■ DATA BLOCK
◆ ◆ ◆ ◆ ◆

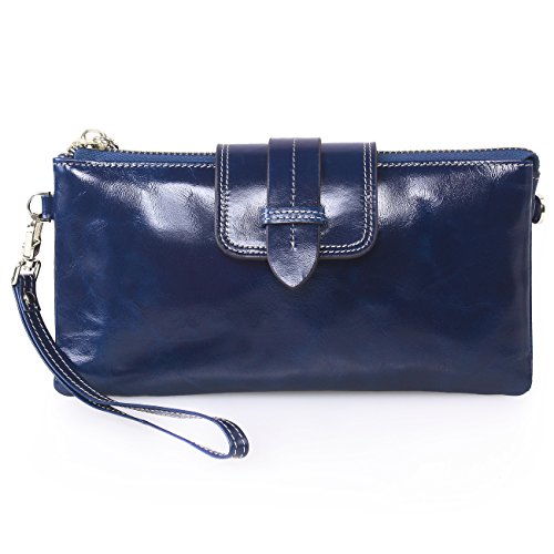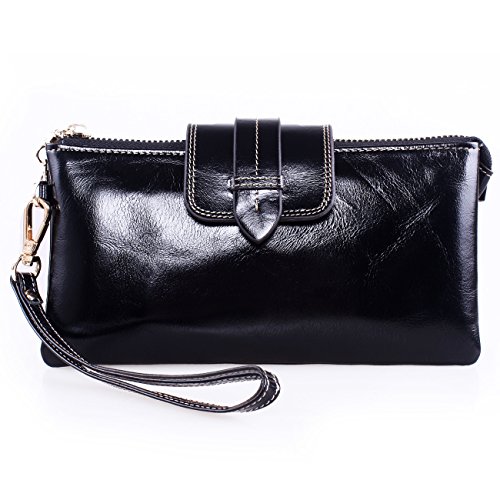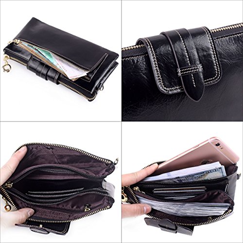 -. Feature : 100% Oil Waxy Genuine Leather Wallet. Made of high quality top grain oil wax cowhide, the top grain oil wax leather makes the purse more luxury and comfortable. / Measures - (L)7.88" x (W)4.13" x (H)1.57" inches / Organizer Building - Functional with 8 Credit Card Slots.2 large bills pocket.1 zippered pocket in back. 2 Full length pockets with zippered also can carry change or coin. Comes with a long and removable chain shoulder strap and a detachable wrist strap, so can be used as wristlet wallet. Can carry your Samsung Galaxy Note, Iphone6s, Iphone6 Plus, key, makeups and other daily thing with you. / Great As Gift - Nice present to friends, family on birthday, festivals.
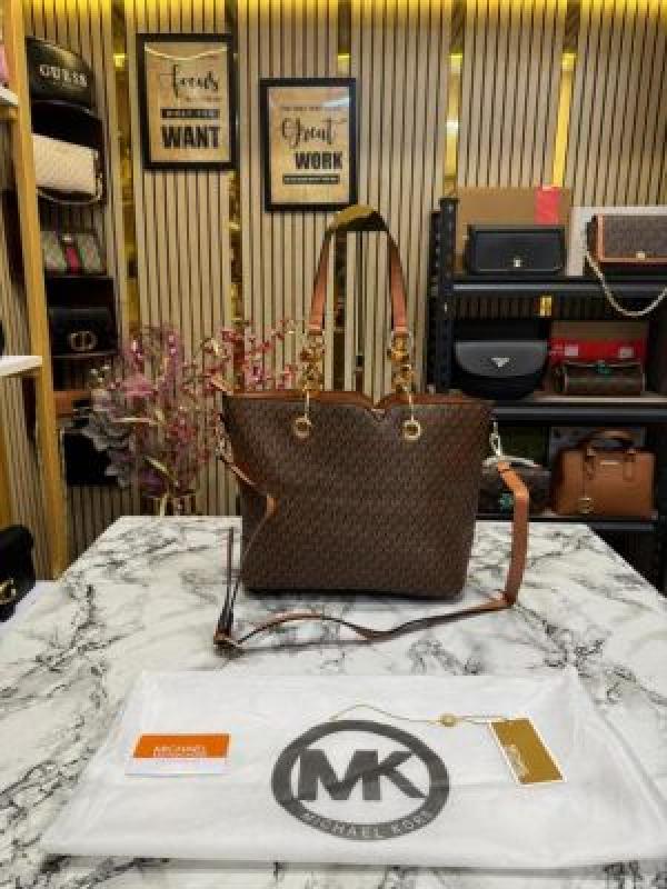Michael_Kors Raven Large Logo Tote Bag With Dust Bag (Coffee Brown)
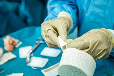 Plaster, blood gauze and roll gauze on green surgical dress for clean wound
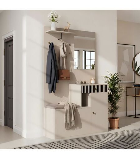 Vestiaire à l'entrée blanc avec miroir, banc, porte-manteau et meuble de à chaussures 2 portes 1 tiroir Accueillez vos invités avec style grâce à cet ensemble de meuble d'entrée compact et sophistiqué. Conçu pour maximiser l'espace dans les couloirs ou les petites entrées, il combine un vestiaire mural , un grand miroir , un banc d'assise confortable et un meuble de rangement pratique. Les façades de tiroirs rayées uniques ajoutent une touche de design contemporain à la finition Beige et Crème , tandis que les matériaux MDF de haute qualité garantissent sa durabilité. C'est la solution tout-en-un élégante pour organiser vos manteaux, chaussures et accessoires essentiels dès l'arrivée. Conception polyvalente 5-en-1 : Intègre un meuble à chaussures, un banc rembourré, un grand miroir, des patères et un espace de rangement mural, parfait pour les entrées. Matériaux premium et durabilité : Fabriqué en panneau de fibres de bois de moyenne densité (MDF) de haute qualité pour une résistance ...

◆ ◆ ◆ ◆ ◆

■ TASK TO CARRY OUT
Write out word for word the lines of the listing above from the line with "Michael_Kors Raven Large" to the line with "Plaster, blood gauze", taking in both of those lines but no pictures.

■ TASK OUTPUT
Michael_Kors Raven Large Logo Tote Bag With Dust Bag (Coffee Brown)
 Plaster, blood gauze and roll gauze on green surgical dress for clean wound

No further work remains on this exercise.